Information shown

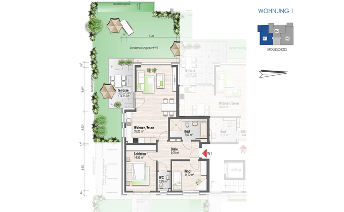 Zu Wohnung Nr.1 gehört eine Garage, die verbindlich zuzüglich zur Wohnung zu erwerben ist. Der Kaufpreis beträgt 14.900 € (inklusive Stromanschluss).
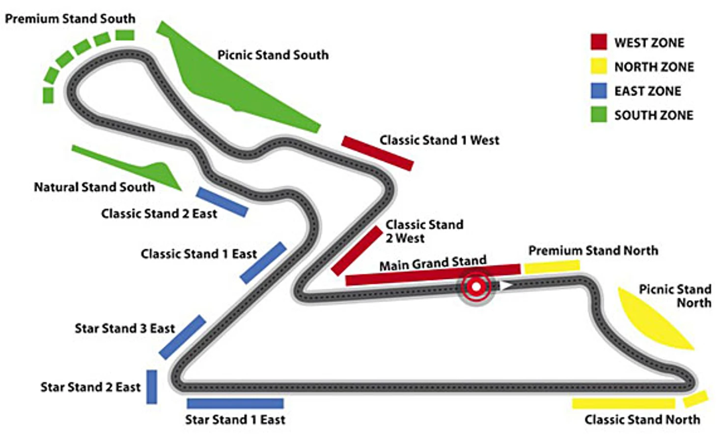 Первый сектор автодрома «Будда Интернэшнл» представляет собой очень скоростную секцию, разбитую тремя поворотами и одним левым изломом. Второй сектор уже хитрее – полотно начинает петлять в эсках с шестого по девятый поворот, а изюминкой дальней части трека станет десятый профилированный поворот с двойным апексом. Многие также отмечают перепады высот на третьем секторе.
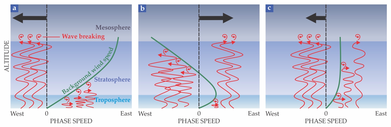 As buoyancy waves (red) propagate up from the troposphere, they grow in amplitude and eventually break, like ocean waves on a beach, and transfer their collective momentum (thick black arrows) to the background flow. However, if a wave’s east–west, or zonal, phase speed matches the background wind speed (green), it breaks prematurely. As a result, the spectrum of buoyancy waves driving the mesospheric circulation is determined by the velocity profile of the stratospheric background wind. (a) In the winter hemisphere, where strong, eastward stratospheric winds prevail, the mesospheric circulation is driven primarily by westward-propagating buoyancy waves. (b) In the summer hemisphere, where stratospheric winds flow westward, eastward-propagating buoyancy waves drive the mesospheric circulation. (c) The occasional weakening of the stratospheric circulation in the winter hemisphere allows some eastward-propagating waves to reach the mesosphere, which diminishes the westward buoyancy-wave forcing.
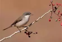 白喉林莺:体长10-13厘米,是一种类体型略小的莺鸟。喉白,上体灰褐或沙褐色,头顶较灰,贯眼纹黑褐或暗褐色。下体污白。耳羽深黑灰,胸侧及两胁沾皮黄色、褐色或淡粉红色。外侧尾羽羽缘白色。…全部>>

Exercise
Pictures excluded, copy the lines exactly from where the material starts to the line with "Первый сектор автодрома", inclusive.

Problem solution
 Zu Wohnung Nr.1 gehört eine Garage, die verbindlich zuzüglich zur Wohnung zu erwerben ist. Der Kaufpreis beträgt 14.900 € (inklusive Stromanschluss).
 Первый сектор автодрома «Будда Интернэшнл» представляет собой очень скоростную секцию, разбитую тремя поворотами и одним левым изломом. Второй сектор уже хитрее – полотно начинает петлять в эсках с шестого по девятый поворот, а изюминкой дальней части трека станет десятый профилированный поворот с двойным апексом. Многие также отмечают перепады высот на третьем секторе.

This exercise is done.